Pictures found in the material must be left out, and every line returned as written.

## DATA BELOW
* * * *

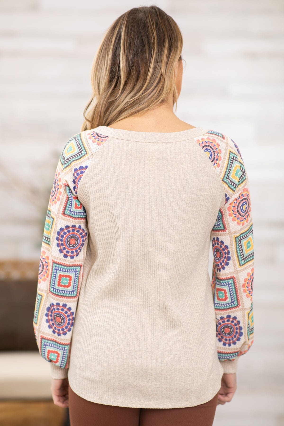 Oatmeal Multicolor Geometric Print Sleeve Top
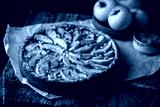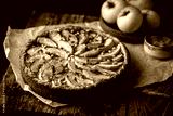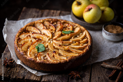Homemade delicious fresh baked rustic apple pie on dark background
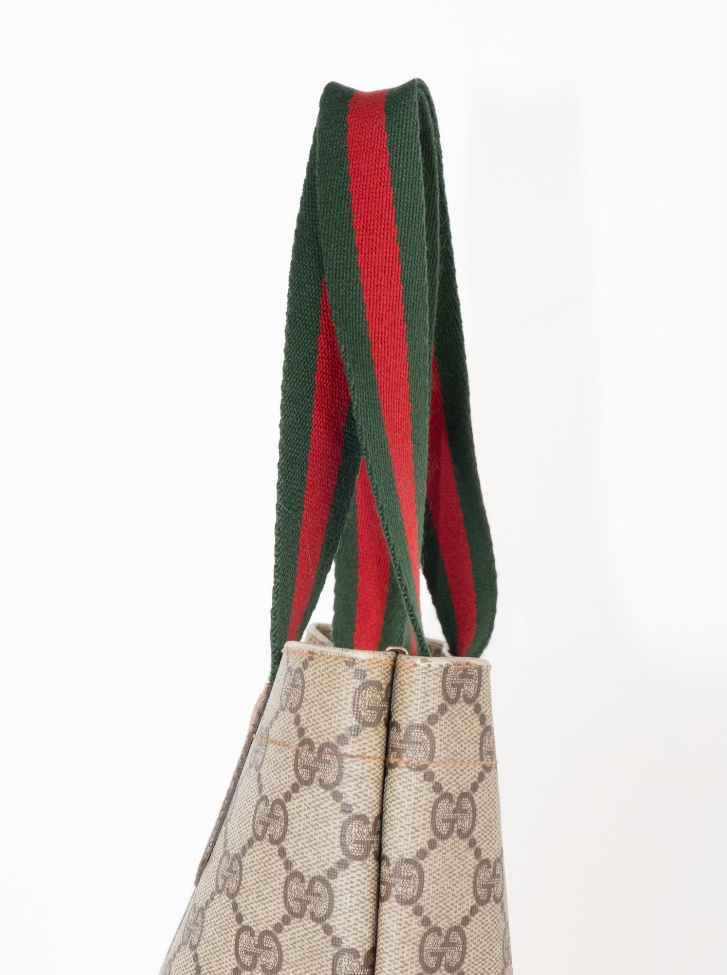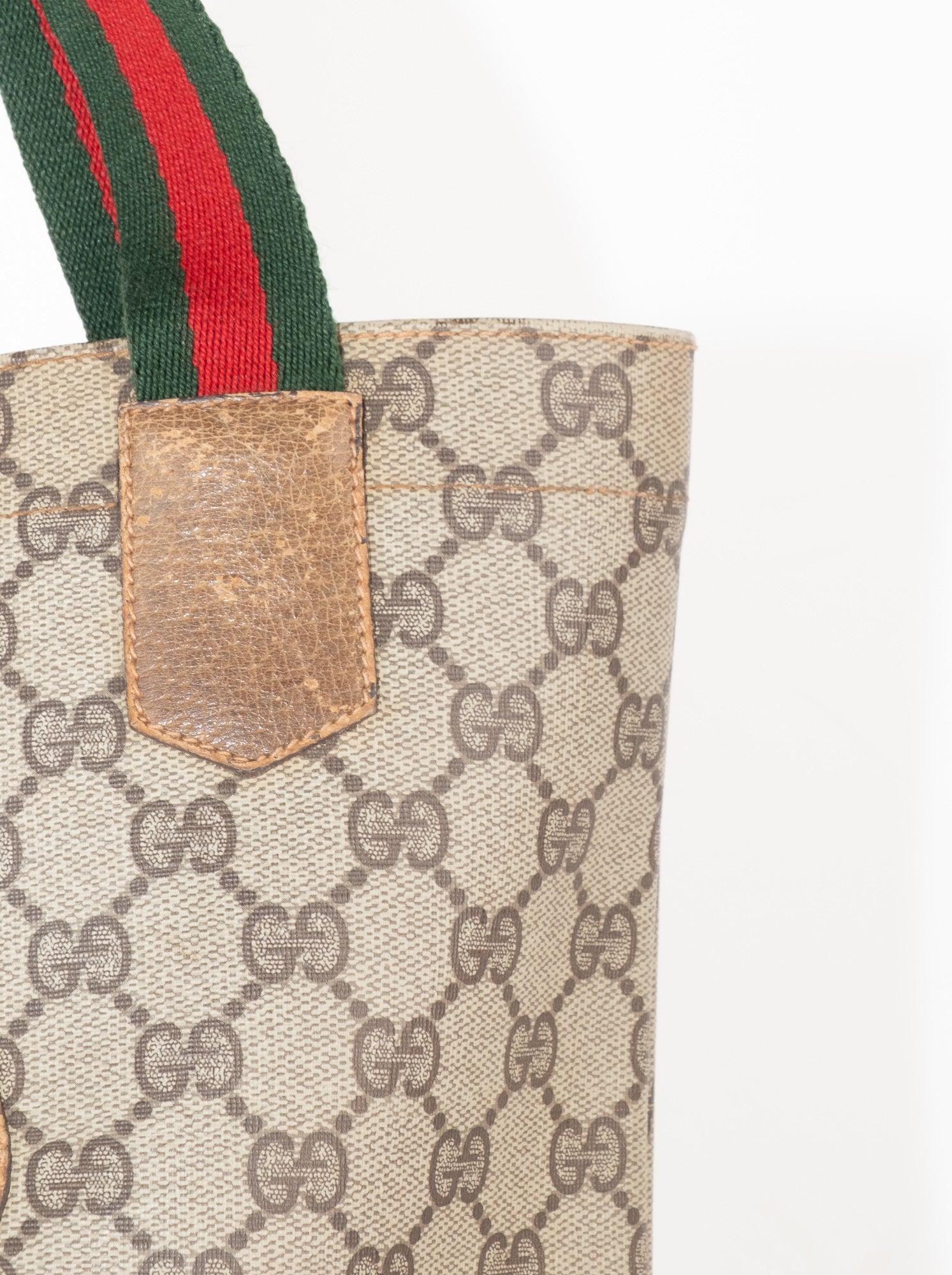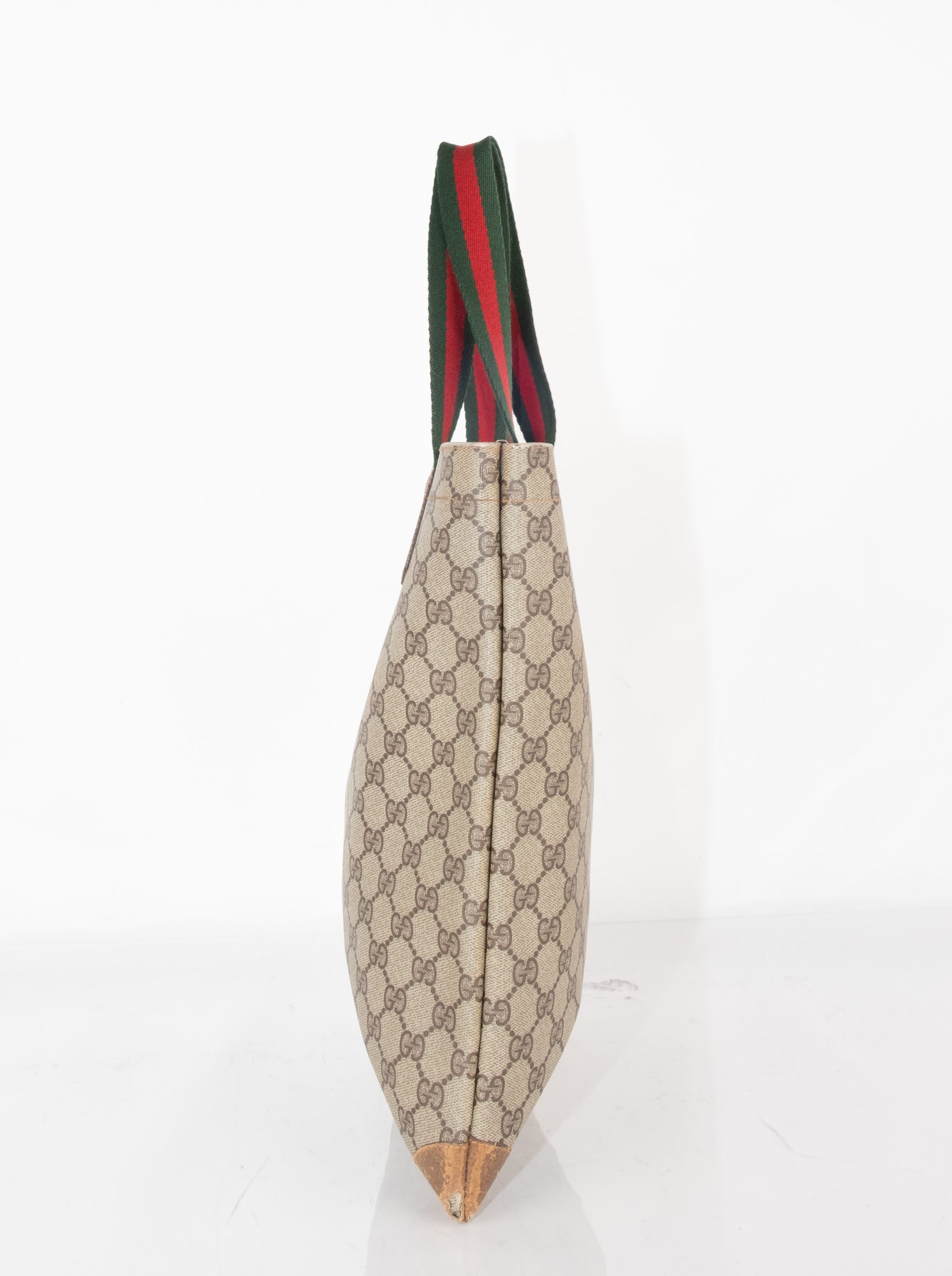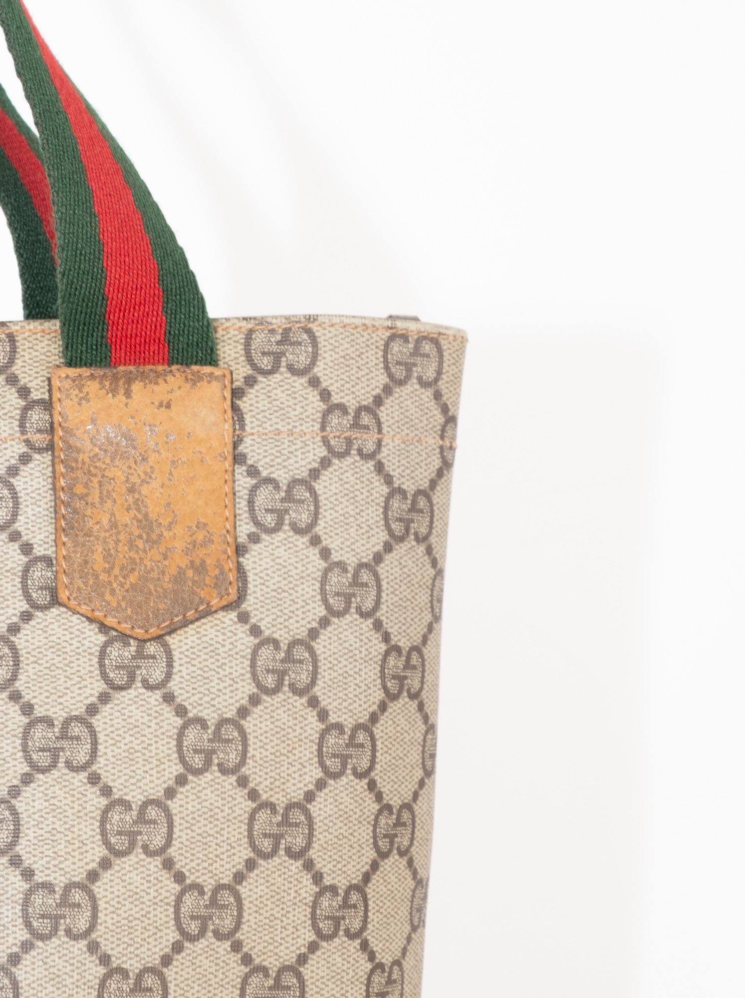 Gucci Vintage Tote Bag – Beige GG Canvas with Web Straps

* * * *

## ANSWER TO THIS TASK
 Oatmeal Multicolor Geometric Print Sleeve Top
Homemade delicious fresh baked rustic apple pie on dark background
 Gucci Vintage Tote Bag – Beige GG Canvas with Web Straps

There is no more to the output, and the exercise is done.